Only the lines from the beginning of the listing below through the line with "米克诺斯岛以风车闻名,岛上到" belong in the answer; please print them exactly and drop the pictures.

→ **Dataset content**
-*-

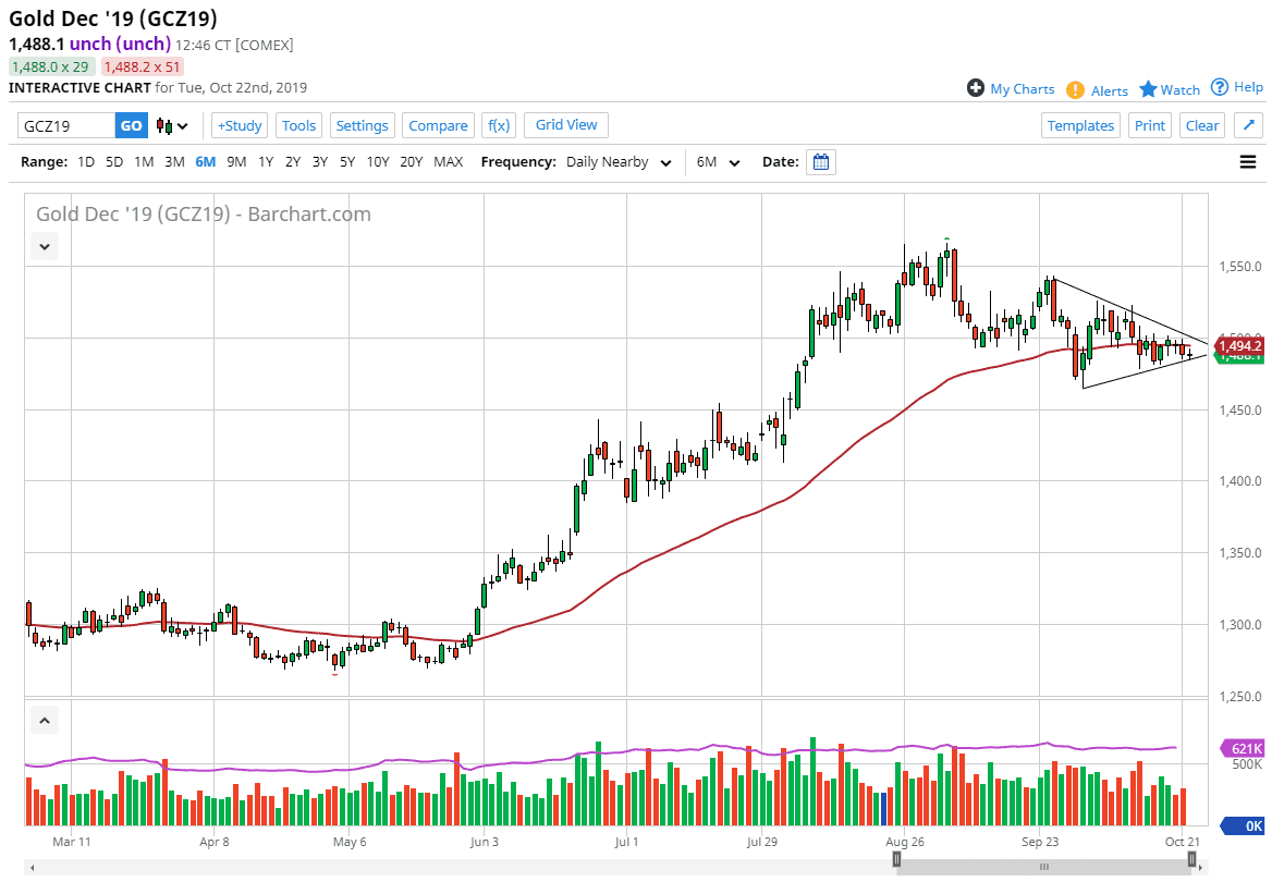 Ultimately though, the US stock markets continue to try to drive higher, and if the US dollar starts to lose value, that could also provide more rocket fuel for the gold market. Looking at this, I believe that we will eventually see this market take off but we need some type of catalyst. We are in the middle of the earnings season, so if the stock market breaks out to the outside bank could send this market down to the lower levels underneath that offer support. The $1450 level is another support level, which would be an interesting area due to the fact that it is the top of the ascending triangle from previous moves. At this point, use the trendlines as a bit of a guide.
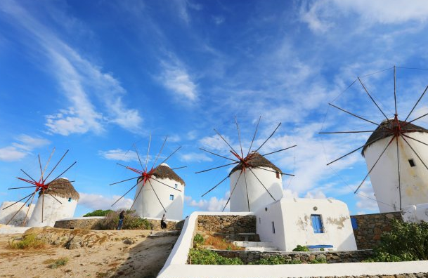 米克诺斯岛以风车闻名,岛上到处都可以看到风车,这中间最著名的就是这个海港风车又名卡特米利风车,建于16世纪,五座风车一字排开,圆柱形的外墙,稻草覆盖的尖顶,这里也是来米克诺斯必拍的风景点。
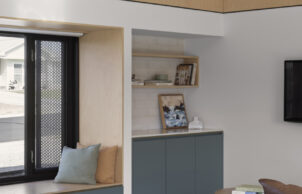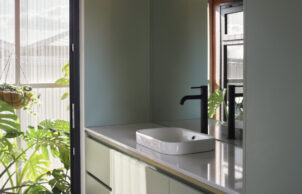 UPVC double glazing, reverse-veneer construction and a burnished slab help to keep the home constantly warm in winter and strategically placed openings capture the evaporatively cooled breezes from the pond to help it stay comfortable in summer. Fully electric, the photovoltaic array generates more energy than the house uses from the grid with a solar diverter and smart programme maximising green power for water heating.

-*-

→ **Your solution**
 Ultimately though, the US stock markets continue to try to drive higher, and if the US dollar starts to lose value, that could also provide more rocket fuel for the gold market. Looking at this, I believe that we will eventually see this market take off but we need some type of catalyst. We are in the middle of the earnings season, so if the stock market breaks out to the outside bank could send this market down to the lower levels underneath that offer support. The $1450 level is another support level, which would be an interesting area due to the fact that it is the top of the ascending triangle from previous moves. At this point, use the trendlines as a bit of a guide.
 米克诺斯岛以风车闻名,岛上到处都可以看到风车,这中间最著名的就是这个海港风车又名卡特米利风车,建于16世纪,五座风车一字排开,圆柱形的外墙,稻草覆盖的尖顶,这里也是来米克诺斯必拍的风景点。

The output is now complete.